Arts

Harriet Bart’s exhibition at Macalester College on all that’s lost but not forgotten “Between Echo and Silence”

Installation view, “Between Echo and Silence.” Pictured: “Lustral Bowls” and “Pendulum” by Harriet Bart. Photo courtesy of Macalester College

Harriet Bart’s “Between Echo and Silence” is the first major exhibition in Macalester College’s new Law Warschaw Gallery, situated in the school’s beautifully renovated Janet Wallace Fine Arts Center. The show is elegant and somber, an uncluttered, utterly deliberate arrangement of just six installations — aesthetically stripped-down sculptural forms and drawings which reflect on loss and tragedy, as well as the rituals of memory, both publicly shared and privately enacted, that follow.

Walk into the glass-paneled gallery entrance, and you’re immediately faced with three, wide-mouthed, carbon steel “Lustral Bowls.” Facing them and slightly off-center is a monumental cast-bronze pendulum, suspended from above.  The bowls seem to be waiting, receptive, open-ended; by contrast, the pendulum is an upright declaration, a marker evincing some as-yet unnamed but defined meaning and intention.

A low-frequency sound gradually enters your awareness, on the edge of hearing at first but steadily building to a discernible thrumming, accented by repeated slow, meditative gong-strikes. A quick look at the show’s list of works confirms the soundscape is a product of the vessels before you, “played” and recorded in the artist’s studio by Christian Korab and Peter VonDeLinde.
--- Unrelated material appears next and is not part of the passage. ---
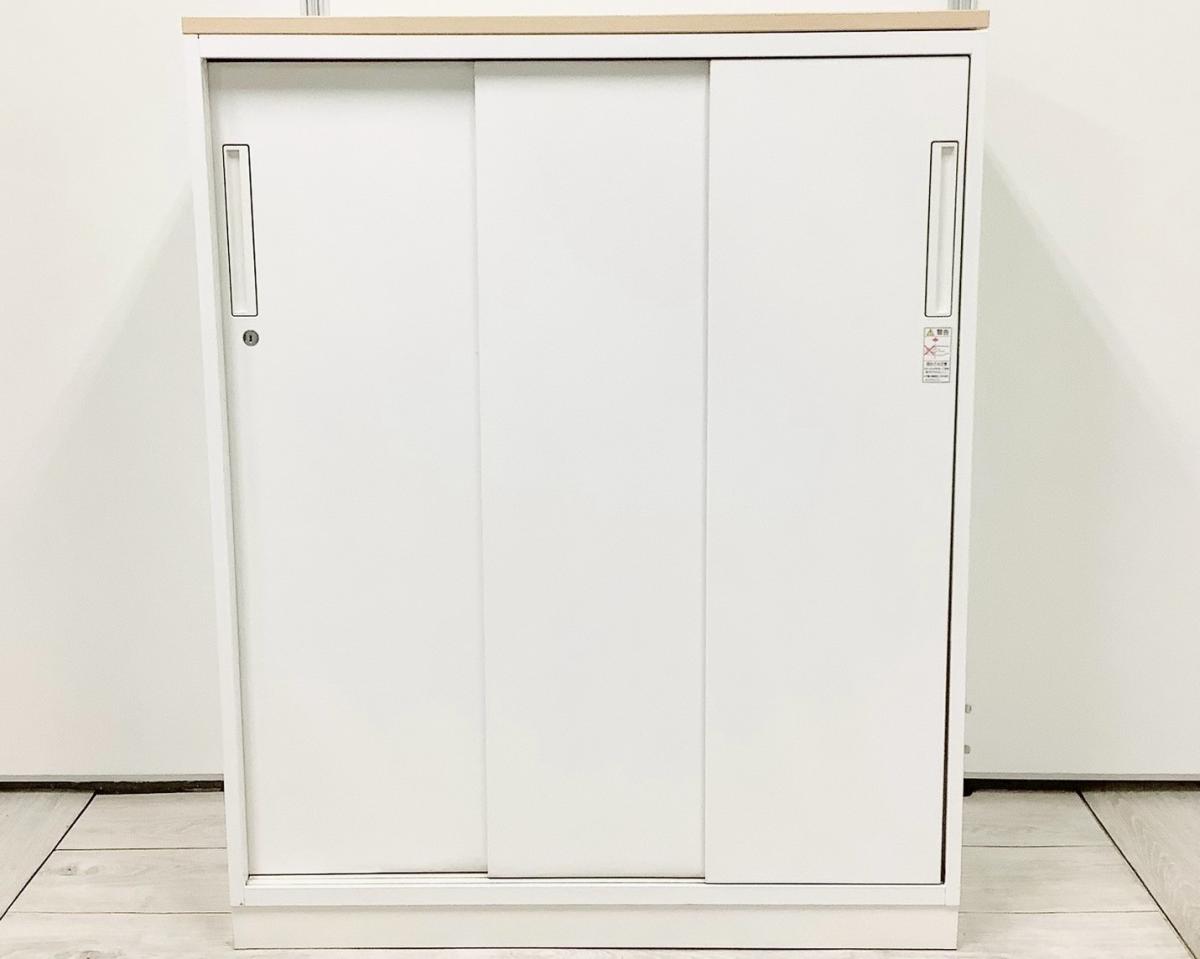 3枚引き戸書庫 コクヨ エディア 鍵付き(シリンダー錠) 天板付き 清潔感のあるホワイトキャビネット 導線を邪魔しないスライド式の扉

Installation view of “Between Echo and Silence.” Pictured (L to R): “Requiem,” “Enduring Afghanistan” and “Drawn in Smoke.” Photo courtesy of Macalester College gallery

The airy gallery space beyond is dominated by two installations commemorating those killed in America’s ongoing military conflicts in Middle East. The first of these is “Requiem,” made by the artist from 2008 to 2011 in honor of the more than 4,000 American soldiers killed in the Iraq war: seven long paper scrolls unspool from high on the wall onto the floor where each is rolled and weighted by a smooth stone. A plumb bob, echoing the pendulum at the entrance of the show, hangs above each length of paper as it unfurls across the floor, as if waiting to inscribe more names. Six of the scrolls are filled with line after line of the carefully hand-scripted names of the dead; the seventh is left blank but for just-legible rule lines — a sobering reminder of the potential for still more loss of life.
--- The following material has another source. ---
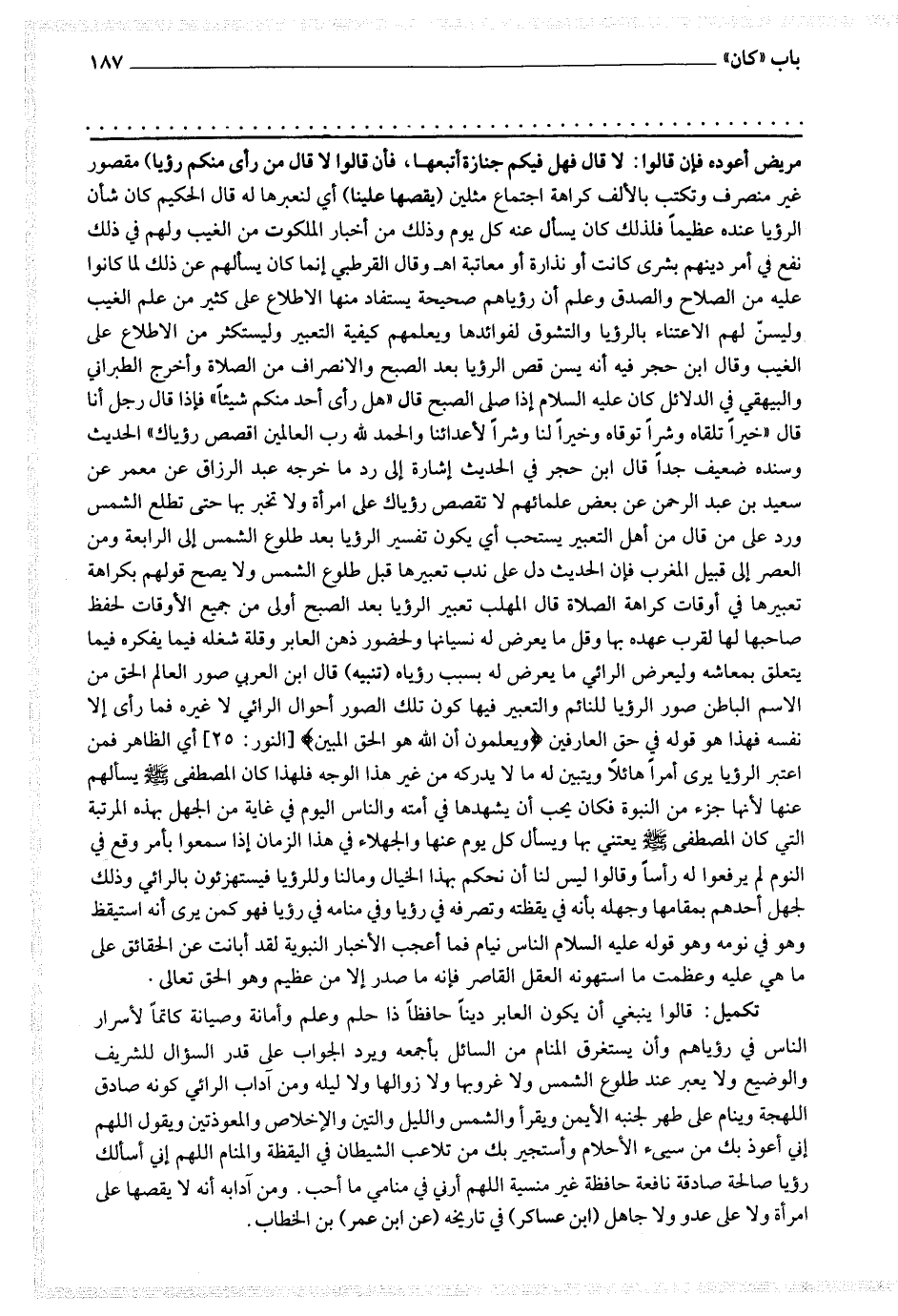 تكميل : قالوا : ينبغي أن يكون العابر دينا حافظا ذا حلم وعلم وأمانة وصيانة كاتما لأسرار الناس في رؤياهم وأن يستغرق المنام من السائل بأجمعه ويرد الجواب على قدر السؤال للشريف والوضيع ولا يعبر عند طلوع الشمس ولا غروبها ولا زوالها ولا ليله ومن آداب الرائي كونه صادق اللهجة وينام على طهر لجنبه الأيمن ويقرأ والشمس والليل والتين والإخلاص والمعوذتين ويقول اللهم

Harriet Bart, “Requiem” (detail). Photo by Rik Sferra, courtesy of the artist’s website.

“Enduring Afghanistan,” along the adjacent wall, is dedicated to those killed in the war in Afghanistan. This installation includes more than 2,000 blank “dog tags,” the kind worn by all U.S. military personnel; the ID tags have been mounted to chain link on the wall and arranged according to the shape of the country of Afghanistan. According to the exhibition essay by curator Joanna Inglot, Bart placed a tag at each spot on the map where an American soldier was killed in action; as a result tags are most densely layered in regions like Kandahar and Helmand provinces where the death toll has been heaviest. It’s an arresting, unsettling topography of the cost of war in human lives, an accounting of that loss at once cold and intimate. In front of the map-in-tags rests a ledger, in which the artist has written each fallen soldier’s name; the ledger itself is held by a Koran stand, a provocative nod to the religious and cultural conflict seething beneath the surface of our nation’s military incursions in this region.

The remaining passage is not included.